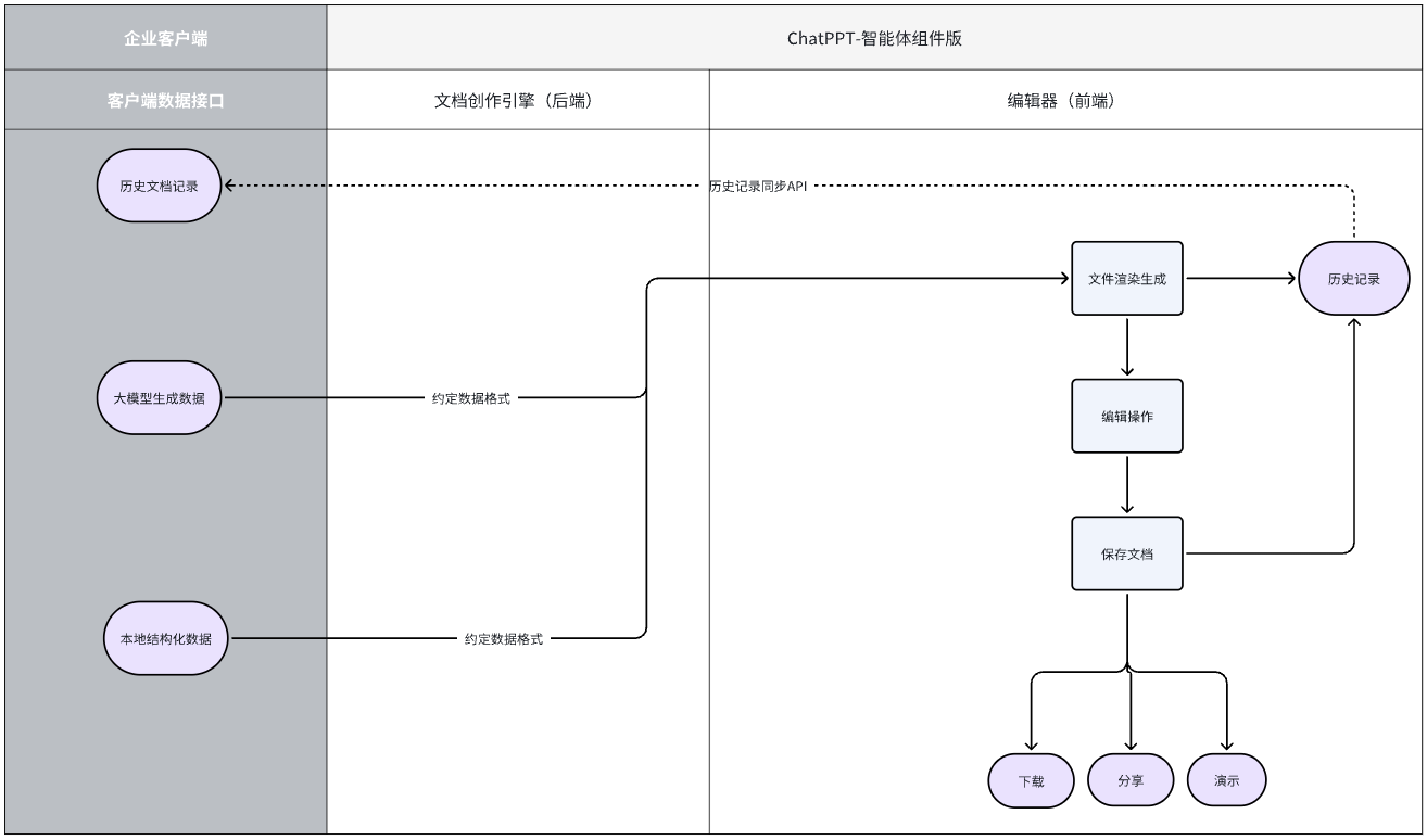| 文档生成 | 基于自有数据输入生成PPT文档 | 针对客户数据类型定制数据结构,以及渲染判断逻辑 | 支持 | 支持 | 支持 |
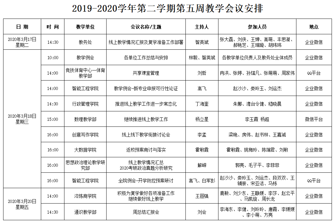 2019-2020学年第二学期第五周教学会议安排
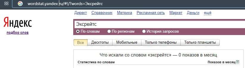 Чтобы проверить популярность конторы, мы решили проверить ее бренды на запросы в поисковой системе Яндекс. Бренд "Эксрейтс" не был найден за последний месяц ни разу.
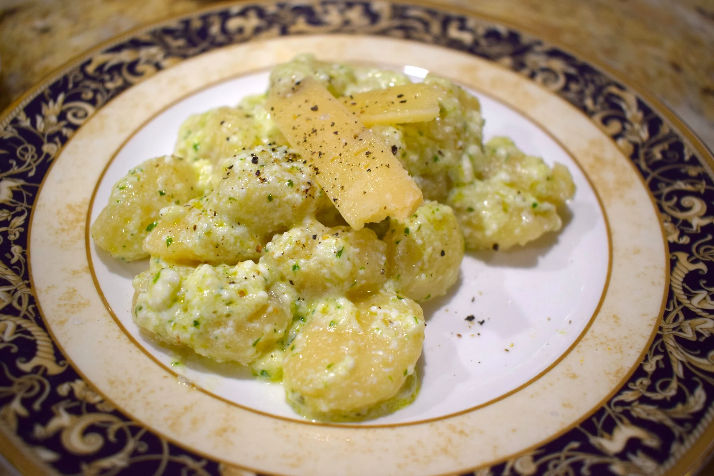 Tender potato gnocchi, creamy pesto sauce, aged parmesan reggiano, freshly cracked pepper
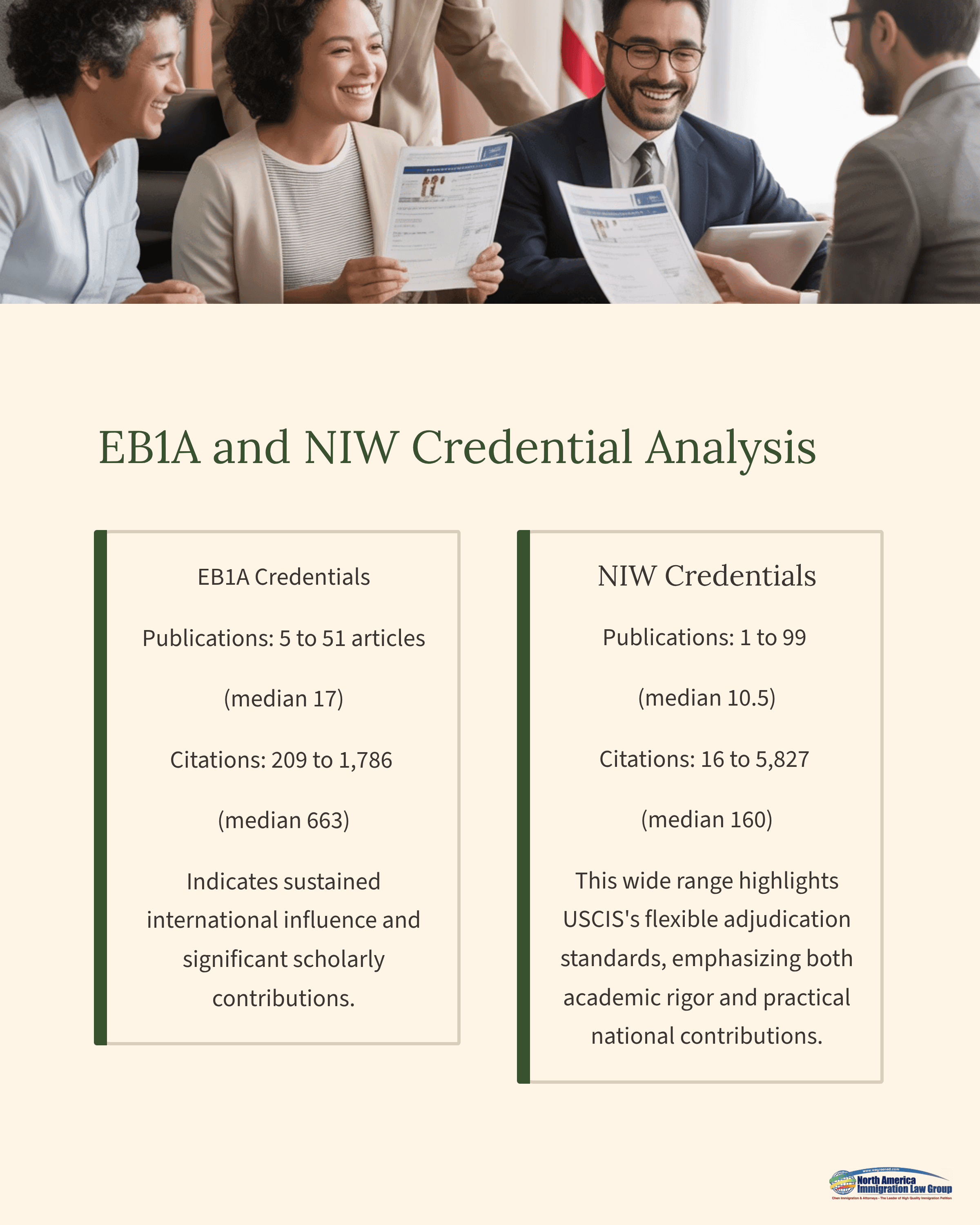 EB1A petitioners showcased robust academic productivity, with publications ranging from 5 to 51 articles (median 17) and citations between 209 and 1,786 (median 663). This indicates sustained international influence and significant scholarly contributions.NIW petitioners displayed diverse academic outputs, from 1 to 99 publications (median 10.5) and citations between 16 and 5,827 (median 160). This wide range highlights USCIS’s flexible adjudication standards, emphasizing both academic rigor and practical national contributions.
◇ ◇ ◇ ◇ ◇ ◇ ◇
Would you reproduce, exactly and with nothing added, every line from the beginning of the entries above through the line that contains "Tender potato gnocchi, creamy", both included, leaving out the pictures?

| TASK RESULT |
| 文档生成 | 基于自有数据输入生成PPT文档 | 针对客户数据类型定制数据结构,以及渲染判断逻辑 | 支持 | 支持 | 支持 |
 2019-2020学年第二学期第五周教学会议安排
 Чтобы проверить популярность конторы, мы решили проверить ее бренды на запросы в поисковой системе Яндекс. Бренд "Эксрейтс" не был найден за последний месяц ни разу.
 Tender potato gnocchi, creamy pesto sauce, aged parmesan reggiano, freshly cracked pepper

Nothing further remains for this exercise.